--- Given material ---
___
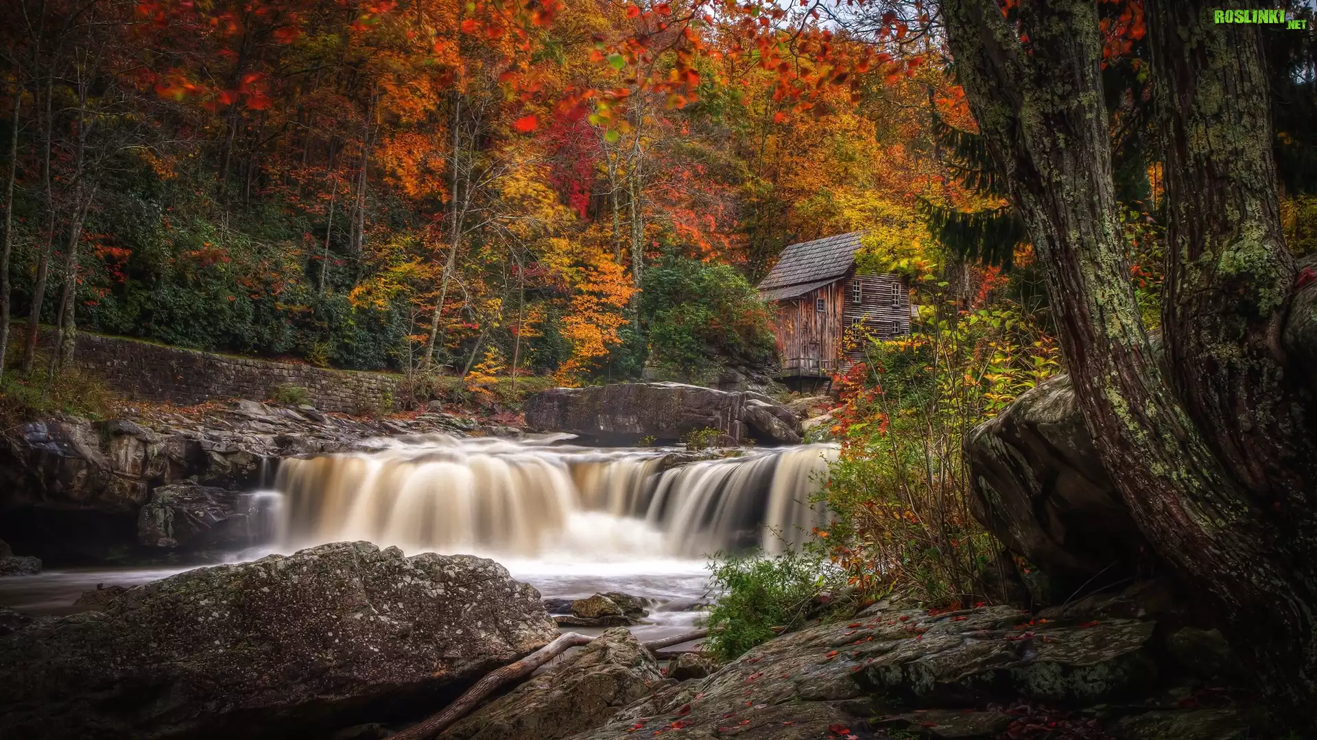 Rośliny: Drzewa, Rzeka, Kaskada, Skały, Kamienie, Młyn, Las, Jesień
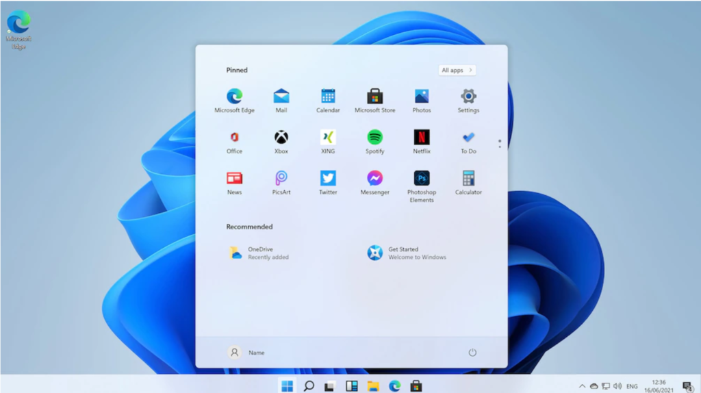Von allen neuen Funktionen von Windows 11 ist das neue, schwebende Startmenü im Stil eines Launchers der markanteste Teil von Microsofts Desktop-Betriebssystem der nächsten Generation. Im Gegensatz zum traditionellen Startmenü befindet sich das neue Menü direkt in der Mitte der Taskleiste. Es hat ein Flyout-Design mit angehefteten und empfohlenen Anwendungen, die sich gegenseitig ergänzen. Das Menü bietet einen schnellen Zugriff auf Dokumente, Fotos und Apps, die kürzlich installiert wurden.
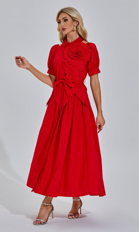 16% İndirimRui Kırmızı Çiçekli Maxi Elbise
___
Would you give the data above again word for word, skipping any images?

--- Response below ---
 Rośliny: Drzewa, Rzeka, Kaskada, Skały, Kamienie, Młyn, Las, Jesień
Von allen neuen Funktionen von Windows 11 ist das neue, schwebende Startmenü im Stil eines Launchers der markanteste Teil von Microsofts Desktop-Betriebssystem der nächsten Generation. Im Gegensatz zum traditionellen Startmenü befindet sich das neue Menü direkt in der Mitte der Taskleiste. Es hat ein Flyout-Design mit angehefteten und empfohlenen Anwendungen, die sich gegenseitig ergänzen. Das Menü bietet einen schnellen Zugriff auf Dokumente, Fotos und Apps, die kürzlich installiert wurden.
 16% İndirimRui Kırmızı Çiçekli Maxi Elbise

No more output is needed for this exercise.